Micafungin use in a UK tertiary referral hospital.
J Glob Antimicrob Resist. 2018 Jun 30;:
Authors: Enoch DA, Murphy ME, Micallef C, Yang H, Brown NM, Aliyu SH
OBJECTIVE: We sought to describe the real-life usage of micafungin in our hospital.
METHODS: We performed a prospective non-interventional observational surveillance study in a large teaching hospital.
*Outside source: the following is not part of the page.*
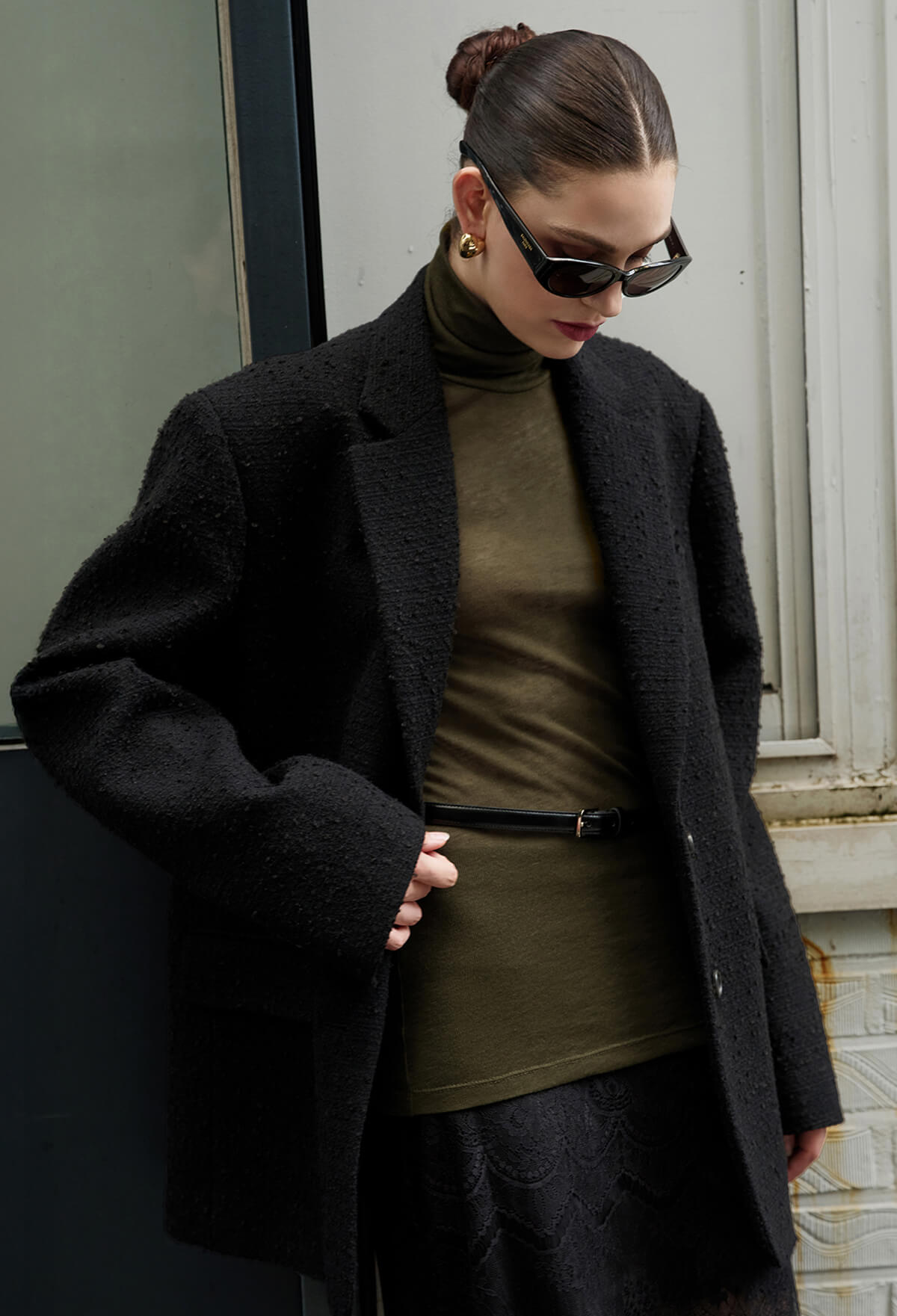구조적인 어깨 라인이 더해져 한층 세련된 존재감을 드러냅니다.

RESULTS: We commenced micafungin in 174 courses involving 148 patients to treat invasive candidiasis and candidaemia (131 courses) and aspergillosis in situations where alternatives such as voriconazole or liposomal amphotericin B could not be used (42 courses). Fungal infection was defined as proven as per EORTC guidelines in 84 courses (49%). Micafungin was well tolerated; 10 patients (7%) developed a rise in ALT and only one patient stopped therapy due to this. Therapy was rationalised to fluconazole in 77 courses (44%). There were no differences in ICU admission or deaths when comparing all 174 courses where patients received micafungin for aspergillus and candida infection respectively (49% versus 42%, p=0.82 and 24% versus 15%, p=0.186). One patient developed disseminated mucormycosis and four patients had recurrent candidaemia (attributed to poor source control) whilst receiving micafungin.
CONCLUSIONS: We conclude that micafungin was clinically effective for the treatment of invasive candida and aspergillus infections and that usage did not increase the risk of liver dysfunction even in patients with abnormal ALT at baseline.